Article 18
Création Convention collective nationale 1983-05-03 en vigueur le 12 mai 1983 étendue par arrêté du 22 janvier 1987 JORF 3 février 1987
18.1. En cas de licenciement :
18.1.1. L'employeur qui entend mettre fin au contrat doit respecter un délai-congé ainsi fixé selon l'ancienneté du cadre :
- jusqu'à 6 mois : 1 mois ;
- au-delà de 6 mois et jusqu'à 12 mois : 2 mois ;
- au-delà de 12 mois et jusqu'à 10 ans : 3 mois ;
- au-delà de 10 ans si l'intéressé a moins de 50 ans au jour de cessation effective de ses fonctions : 4 mois ;
- au-delà de 10 ans si l'intéressé a plus de 50 ans au jour de la cessation effective de ses fonctions : 6 mois.
Le licenciement des cadres de plus de 55 ans au jour de la cessation effective de leurs fonctions doit préalablement être soumis à l'avis du comité d'entreprise, à défaut, des délégués du personnel.
18.1.2. L'employeur qui n'observe pas le délai-congé doit au cadre une indemnité égale aux appointements correspondant à la durée du délai-congé restant à courir.
18.1.3. L'employeur qui décide de licencier un cadre s'engage à respecter la législation en vigueur sur le fond et sur la forme.
18.1.4. Pour la recherche d'un nouvel emploi, le cadre pourra disposer de 2 heures libres par jour de travail pendant la durée du délai-congé.
En aucun cas la durée de ces absences ne pourra dépasser 300 heures. Ces absences ne donnent pas lieu à une réduction d'appointements. Le cadre qui n'utilise pas les heures libres ne peut prétendre à une indemnité compensatrice s'ajoutant à sa rémunération normale. La prise du temps libre peut être aménagée d'un commun accord entre les parties. A défaut d'accord, les heures libres seront réparties soit à raison de 4 heures tous les 2 jours, soit à raison de 8 heures tous les 4 jours, fixées alternativement une fois au gré de l'intéressé, l'autre au gré de l'employeur. Par accord mutuel, tout ou partie de ces heures pour recherche d'emploi peuvent être bloquées à la fin du délai-congé.
18.1.5. Le cadre licencié pourra quitter son emploi dès qu'il sera pourvu d'une nouvelle place. Il n'aura droit, dans ce cas, indépendamment de l'indemnité éventuelle de licenciement, qu'à la rémunération correspondant à son temps de présence dans l'entreprise.
18.2. En cas de démission.
18.2.1. Délai-congé : le cadre qui entend mettre fin au contrat doit respecter un délai-congé ainsi fixé, selon son ancienneté :
- jusqu'à 6 mois : 1 mois ;
- au-delà de 6 mois et jusqu'à 12 mois : 2 mois ;
- au-delà de 12 mois : 3 mois.
18.2.2. Le cadre qui n'observe pas le délai-congé doit à l'employeur une indemnité égale aux appointements correspondant à la durée du délai-congé restant à courir, sauf arrangement particulier à trouver entre les parties.

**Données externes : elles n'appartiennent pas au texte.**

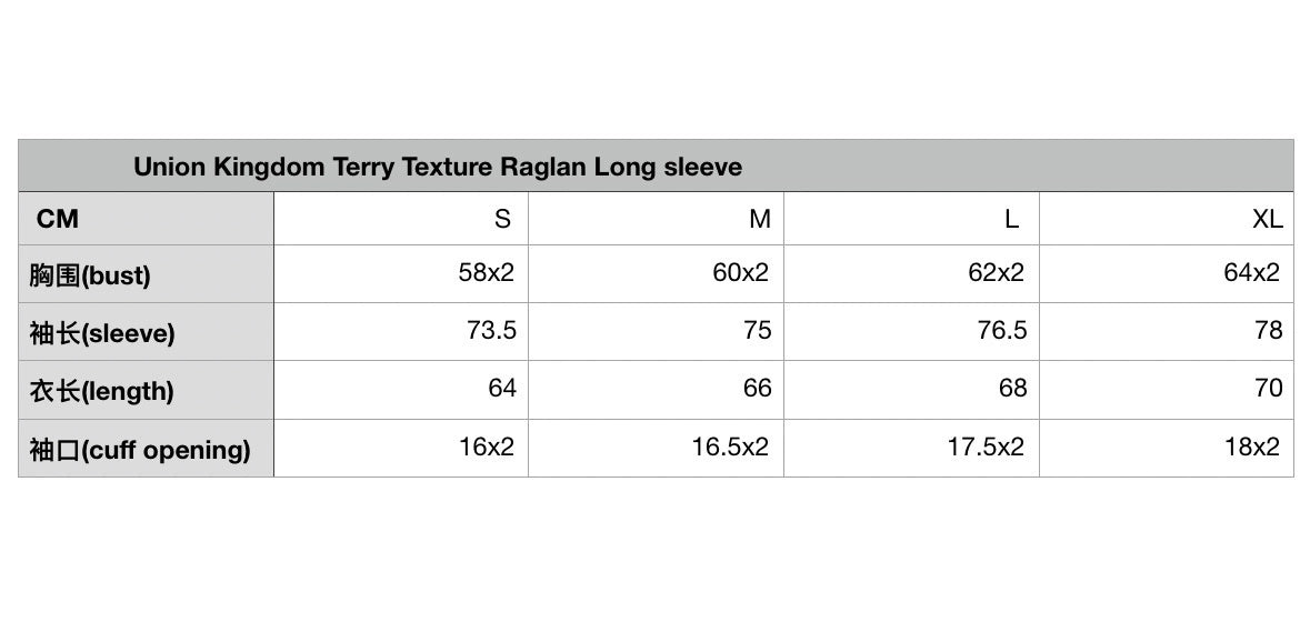 Premium terry-textured fabric, medium weight, exceptionally soft and fluffy to the touch. Features an excellent cut with strong drape, raglan sleeves, and slightly wide, non-ribbed cuffs for a relaxed, unrestricted feel. The fabric has been pre-washed to minimize shrinkage and maintain its shape

18.2.3. Le cadre qui décide de démissionner doit notifier sa démission par lettre recommandée avec demande d'avis de réception. La date de présentation de la lettre recommandée fixe le point de départ du délai-congé.
18.2.4. Pour la recherche d'un nouvel emploi, le cadre pourra disposer de 2 heures libres par jour de travail pendant la durée du délai-congé. En aucun cas la durée de ces absences ne pourra dépasser 200 heures. Ces absences ne donnent pas lieu à une réduction d'appointements.
Le cadre qui n'utilise pas les heures libres ne peut prétendre à une indemnité compensatrice s'ajoutant à la rémunération normale. La prise du temps libre peut être aménagée d'un commun accord entre les parties. A défaut d'accord les heures libres seront réparties soit à raison de 4 heures tous les 2 jours, soit à raison de 8 heures tous les 4 jours, fixées alternativement une fois au gré de l'intéressé, l'autre au gré de l'employeur. Par accord mutuel tout ou partie de ces heures pour recherche d'emploi peuvent être bloquées à la fin du délai-congé.
18.2.5. En cas de démission d'un cadre âgé de 50 ans, des facilités lui seront accordées afin de lui permettre de trouver un nouvel emploi, en particulier s'il demande à ne pas accomplir intégralement le préavis. Dans ce dernier cas, il ne sera pas fait application de l'article 18.2.2 et ne lui sera allouée que la rémunération correspondant à la partie du préavis effectué.